I won't give up. How much I may relapse. I won't give up. I keep coming here. I keep fighting the pmo.
did you identify the reason?. what reality you are escaping from. Face them and find a solution. It'll work. It's never out of hands. Try to exhaust yourself. Take a nap. Urges are tools to increase self discipline and will power. You already did a awesome job. You can do that again.
Day 11 of no PM Day 80 of no alcohol or caffeine Day 48 of weight training - feeling great today after a good nights sleep. - off to the gym now to pump some iron - have a great fapfree day everyone
Hard to say, this challange helped me to see lot of things on me. And I know, that when this challange ends, Im probably not going to keep me off fapping forever. I realized, maybe thats not my goal. Now I know what sexual activities for me mean and I got lot of self control improvement. Im really glad that I took this challange, it really changed me but I dont have so negative opinion about fapping like lot of people here have (I accept that, it is completly okay, everybody is different). I got lot of information about my mind without fap and with strong urges, and now I know what sign of my body what means. I know that I can do everything I want and I know that I can now control me much easier. Thats for me win. After this challange Im not going to back to old days but also Im not going to say that Im going to stop M forever (P is another story and PM is really risky..). Honestly, I got little bit easier way than others because I have set only PM challange (I have GF..) but in future, maybe next school year I want to take full 90 days PMO challange, that is going to be really interesting! So, thanks for asking, bro I really needed to tell something but I didnt know how maybe.. wish everybody good luck
51/90 Had a great day. I learned a lot and had a music rehersal which was awesome. I also had a lot of energy, but the weirdest part of it is that I didn't slept a lot. I slept five hours and I woke up at 6am and I couldn't sleep.
K checking in guys. 2 days and having some urges. Not gonna lie here I did look at some stuff that wasn't fully there... but I don't consider that relapsing. I think the issue is that I don't really feel any remorse after relapsing and it gives a good dopamine rush. I understand that it's bad and I haven't got that far- just my self control. Also the fact that I'm still a teen - maybe that has something to do with it. I feel like nearly everyone has encountered pmo and stuff, I just can't really understand how they just stop? Or does that not happen? Theres stuff everywhere and unless you have parental controls theres like no way you can't just not find it out. Then does everyone do it? Im just putting some of my thoughts here and if you guys could pardon my rambling and punctuation... I'm feeling pretty good after writing that. Everytime I kind of "edge with the eyes" I relapse within a day. So I'm hoping that I can make it to 90 days - or I will make it to 90 days. And not relapse at 90 days because I feel like I deserve it. Though that question of what others do is still bothering me. I guess I shouldn't compare myself to others. Well 2 days.
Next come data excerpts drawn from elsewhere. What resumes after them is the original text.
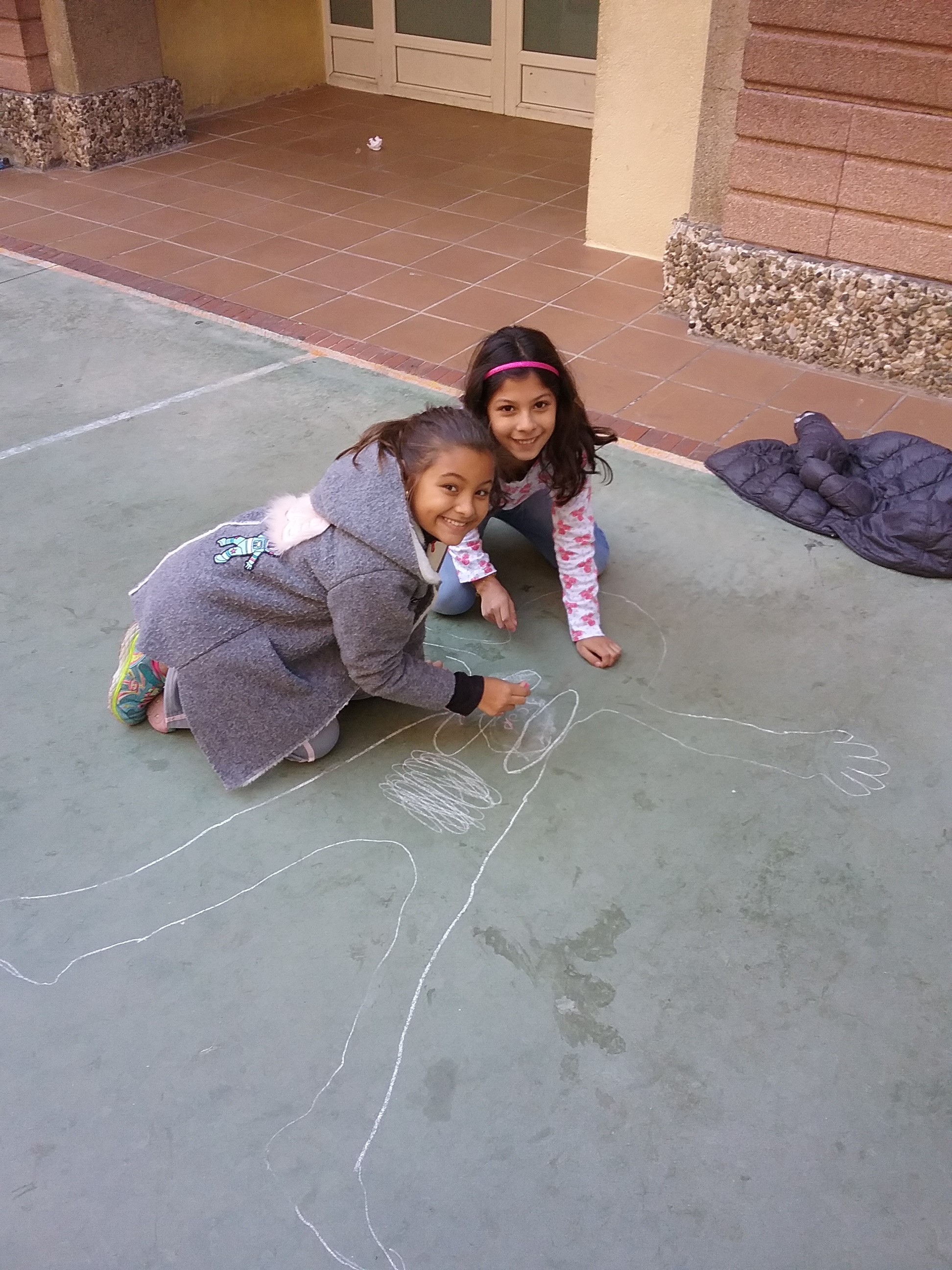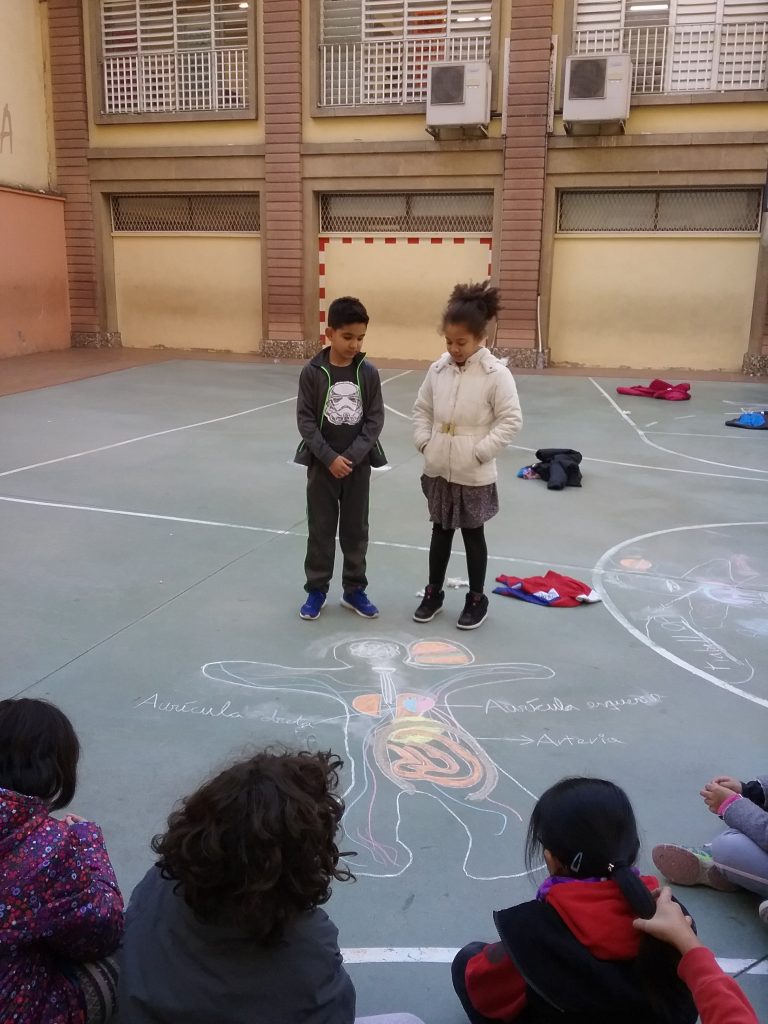 Els alumnes de 4t hem baixat al pati a realitzar siluetes. A partir dels dibuixos exposem el recorregut de l’oxigen, els nutrients i el diòxid de carboni pel cos.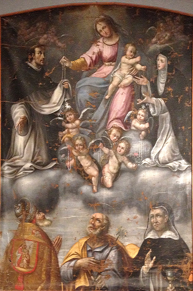 The two achievements for which Pius V is most famous are his vigorous reform of the Church along the lines laid out by the Council of Trent and the formation with Venice and Spain of the Holy League, which defeated the Turks at the Battle of Lepanto on October 7, 1571.1 He is also remembered for promoting the Rosary prayer, for example in the second picture at right. After the victory at Lepanto he ordered that October 7 be commemorated as the Feast of the Holy Rosary.2 Prepared in 2015 by Richard Stracke, Emeritus Professor of English, Augusta University |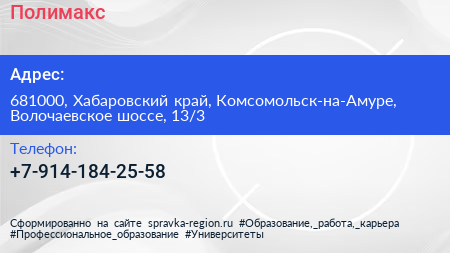 Полимакс по адресу 681000, Хабаровский край, Комсомольск-на-Амуре, Волочаевское шоссе, 13/3 в дальнейшем Организация, размещена в следующих категориях: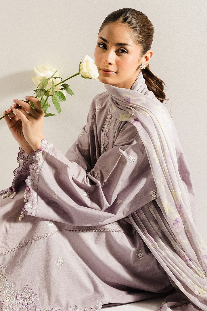 Elevate your summer style with THISTLE BLOOM-2PC (SHIRT & DUPATTA). The loose fit paneled shirt features front dyed embroidery with lace details, while the back is dyed for a cohesive look. The crew neck with lace adds a touch of elegance, and the box sleeves are adorned with embroidery. The chiffon printed dupatta completes this stylish ensemble.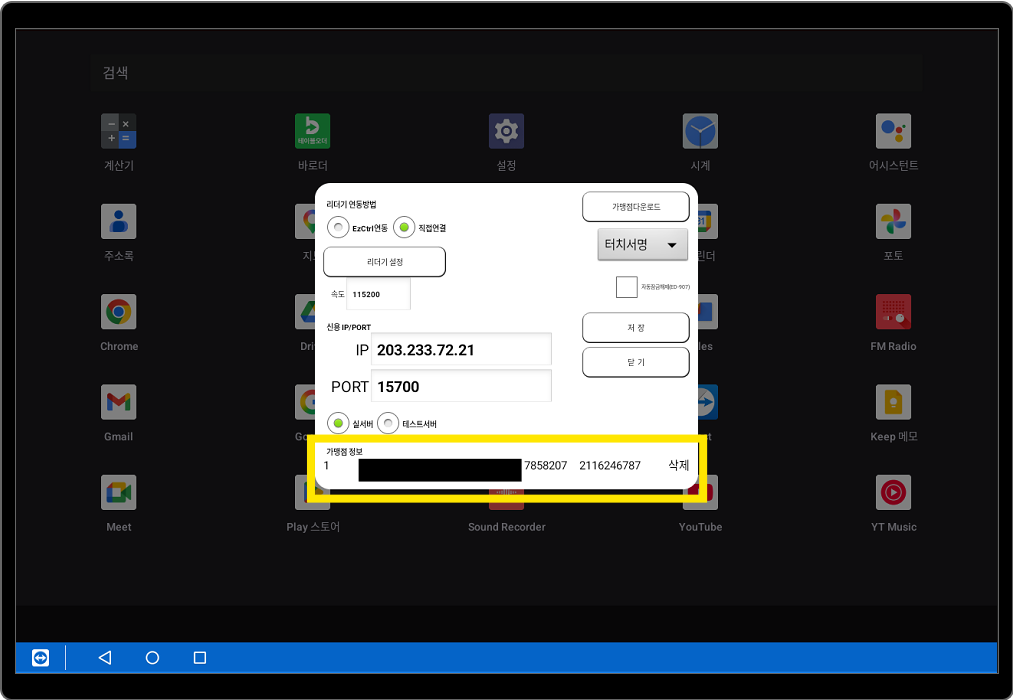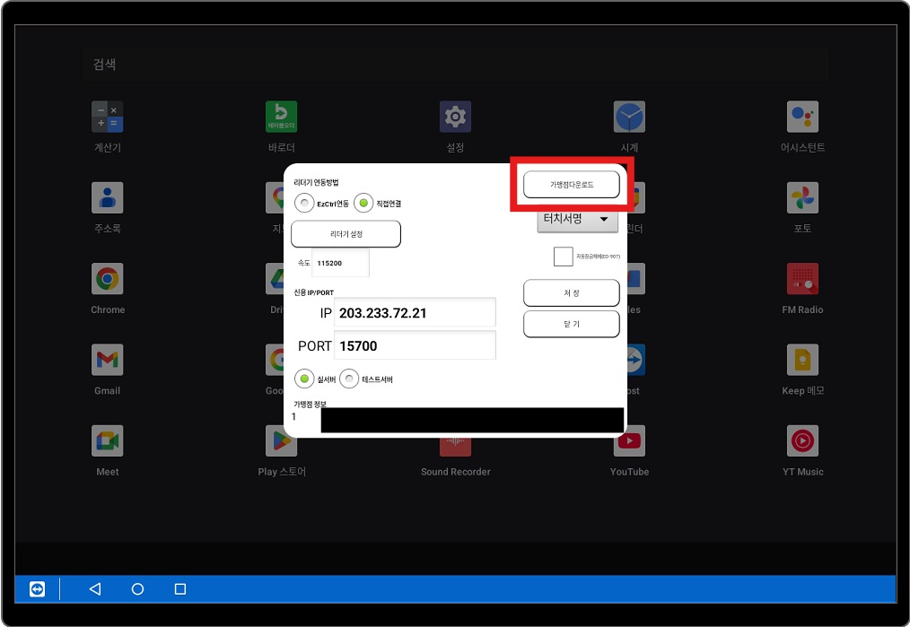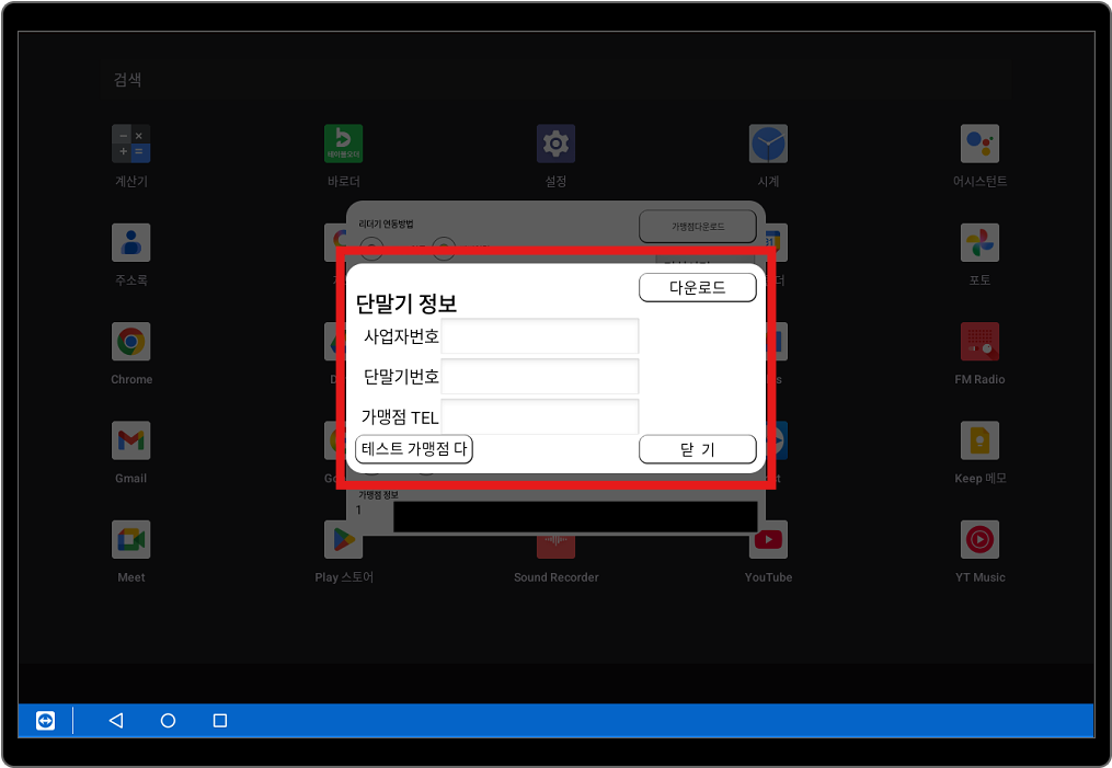 사업자번호 / 단말기번호 / 전화번호 입력후 다운로드 선택하면 가맹점 설정 완료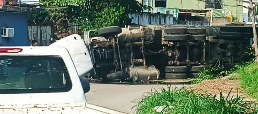 Vuelca góndola cargada con arena en la Av. Luis Donaldo Colosio en la colonia La Manga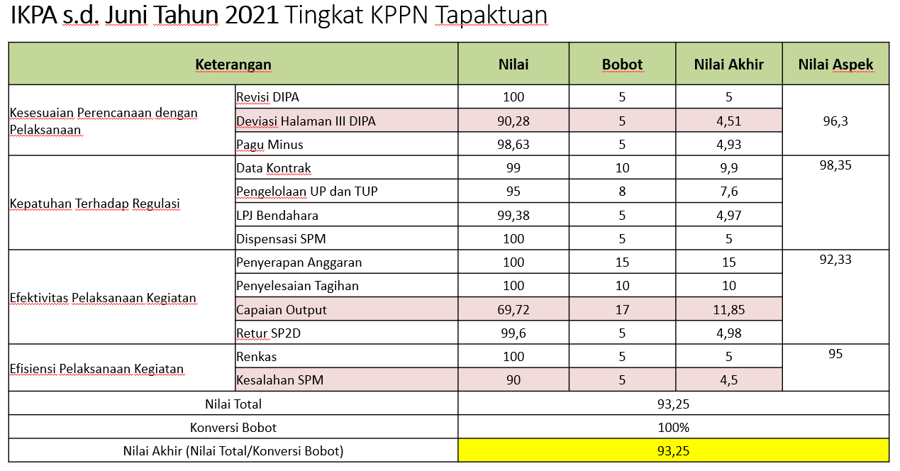 Indikator-indikator tersebut dapat diamati melalui aplikasi Online Monitoring Sistem Perbendaharaan dan Anggaran Negara (OMSPAN). Berdasarkan data OMSPAN, nilai IKPA Semester I Tahun 2021 tingkat KPPN adalah sebesar 93,25 dari 100. Tentunya hal ini masih terbuka ruang untuk peningkatan.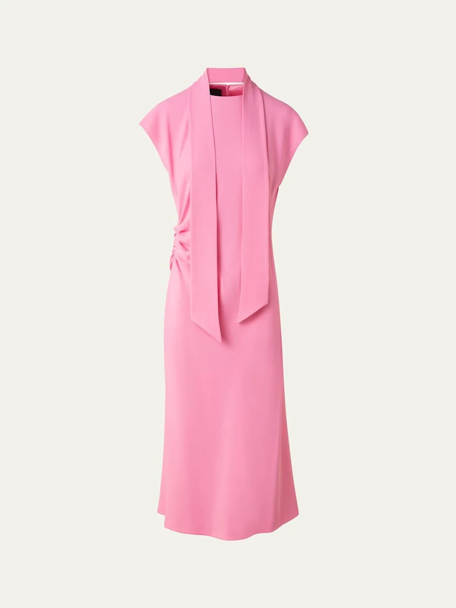 Crepe Mock-Neck Midi Dress

Relapsed. Porn is not that dopamine rush, not that good feeling you get... It's a big company playing on your weaknesses to earn money. Don't get caught in the net. When tomorrow becomes today I will become a better person. I make better habits and not waste time. I will not pmo.
Day 87/90. Checking in. Highs and lows come and go. I don't let emotions and feelings guide you. I need to guide your emotions and feelings.